## DATA SEGMENT

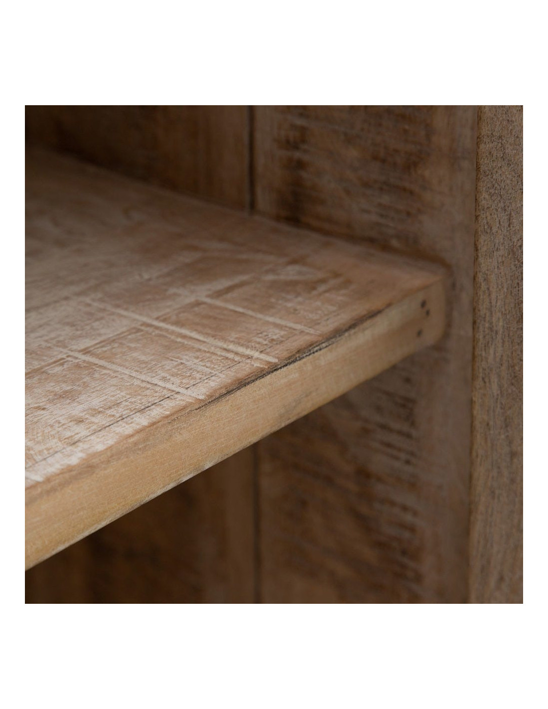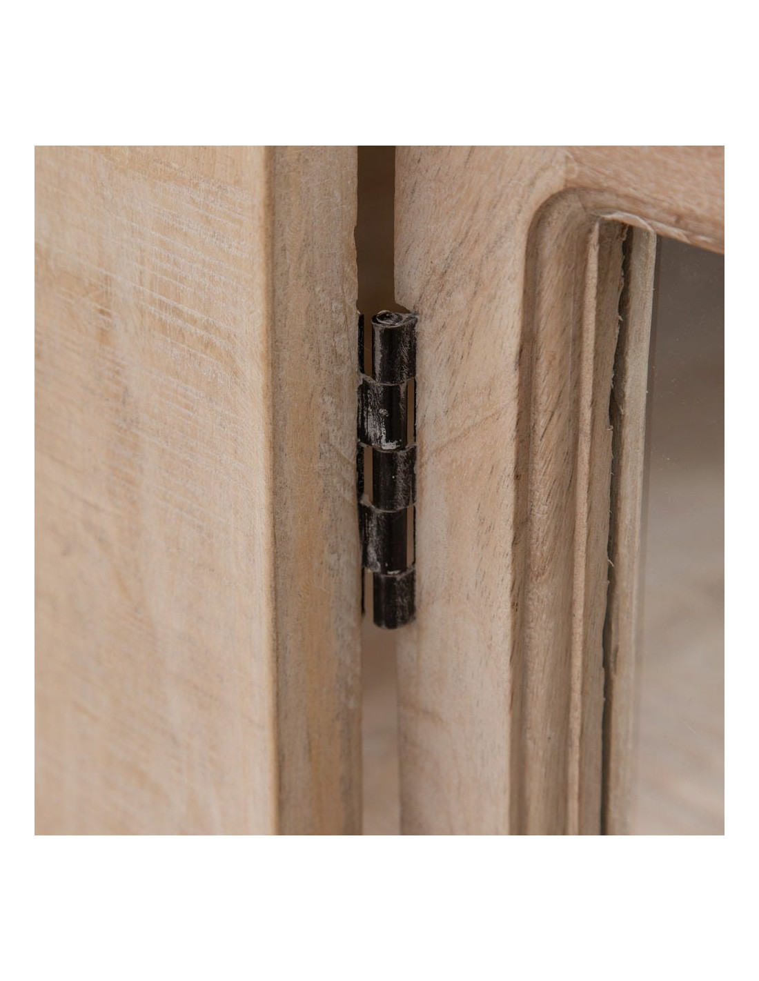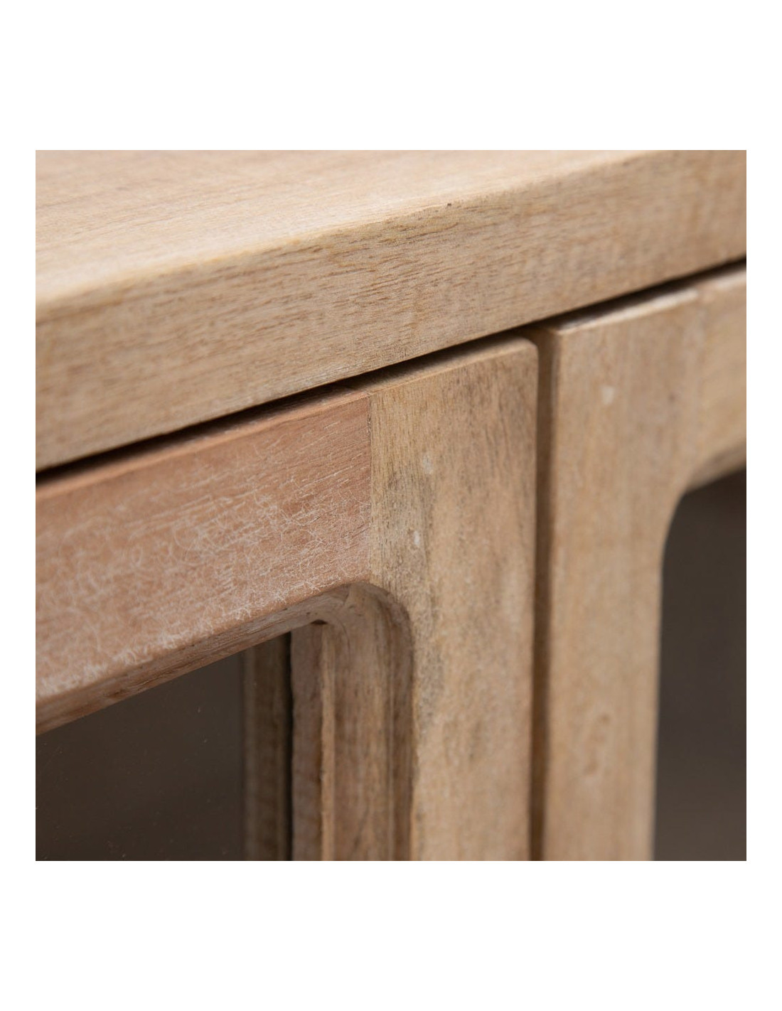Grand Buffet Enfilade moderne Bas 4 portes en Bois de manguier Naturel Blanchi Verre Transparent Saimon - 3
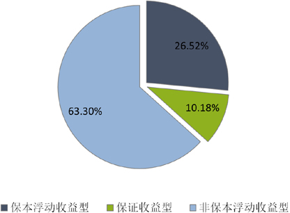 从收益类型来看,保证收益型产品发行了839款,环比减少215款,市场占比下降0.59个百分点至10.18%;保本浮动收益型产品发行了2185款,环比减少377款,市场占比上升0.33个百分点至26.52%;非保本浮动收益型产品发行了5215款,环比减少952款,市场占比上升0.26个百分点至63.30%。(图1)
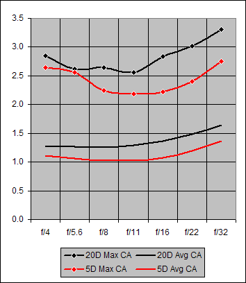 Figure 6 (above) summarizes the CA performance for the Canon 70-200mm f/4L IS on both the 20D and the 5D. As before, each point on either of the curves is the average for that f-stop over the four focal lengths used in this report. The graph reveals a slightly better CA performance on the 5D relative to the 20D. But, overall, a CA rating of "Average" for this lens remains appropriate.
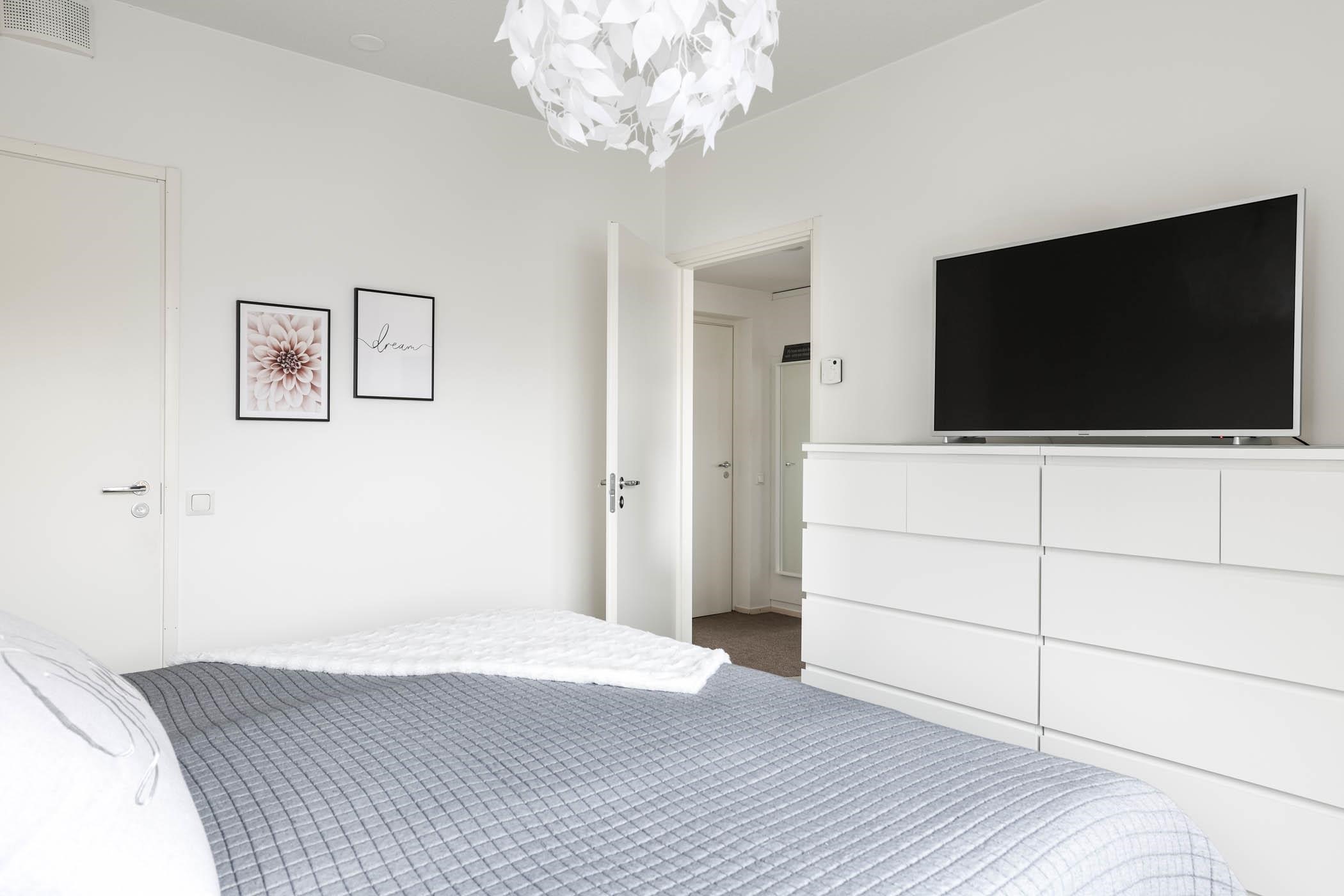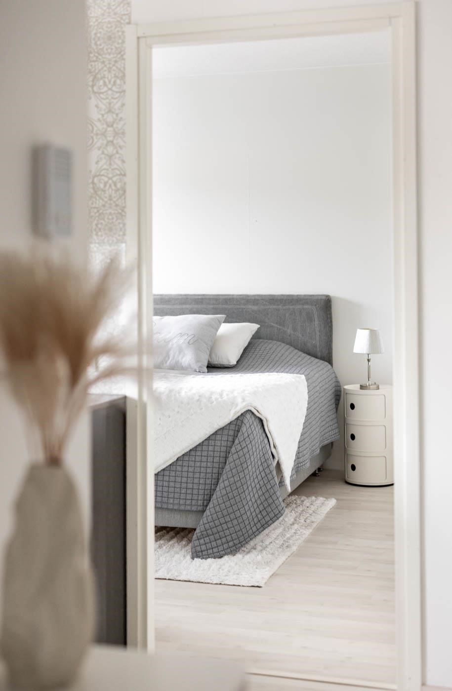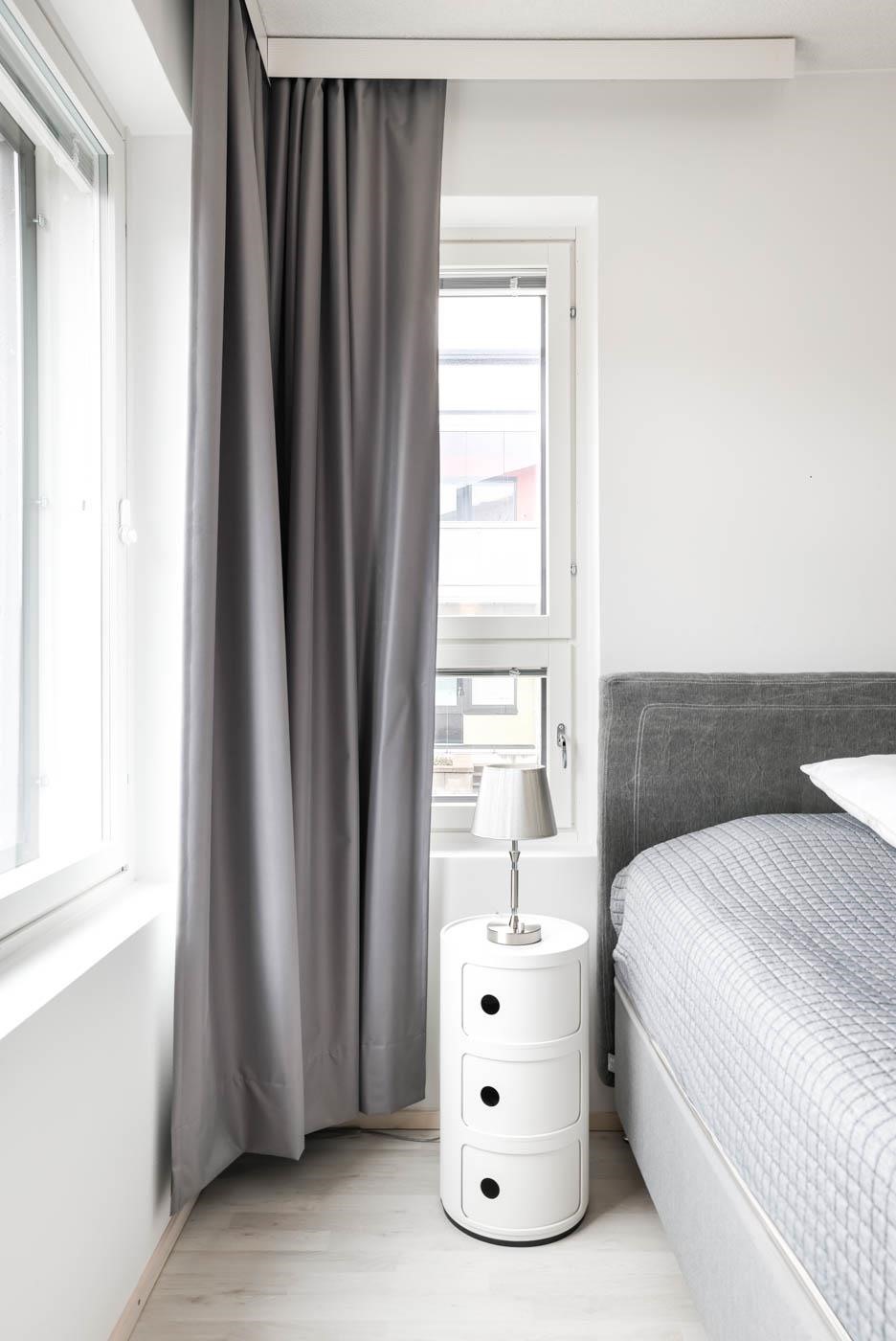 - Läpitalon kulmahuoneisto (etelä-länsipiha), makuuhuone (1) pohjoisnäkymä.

## WHAT TO PRODUCE
Without the pictures, retype all of the data above exactly.

## RESULT OF THIS TASK
Grand Buffet Enfilade moderne Bas 4 portes en Bois de manguier Naturel Blanchi Verre Transparent Saimon - 3
 从收益类型来看,保证收益型产品发行了839款,环比减少215款,市场占比下降0.59个百分点至10.18%;保本浮动收益型产品发行了2185款,环比减少377款,市场占比上升0.33个百分点至26.52%;非保本浮动收益型产品发行了5215款,环比减少952款,市场占比上升0.26个百分点至63.30%。(图1)
 Figure 6 (above) summarizes the CA performance for the Canon 70-200mm f/4L IS on both the 20D and the 5D. As before, each point on either of the curves is the average for that f-stop over the four focal lengths used in this report. The graph reveals a slightly better CA performance on the 5D relative to the 20D. But, overall, a CA rating of "Average" for this lens remains appropriate.
 - Läpitalon kulmahuoneisto (etelä-länsipiha), makuuhuone (1) pohjoisnäkymä.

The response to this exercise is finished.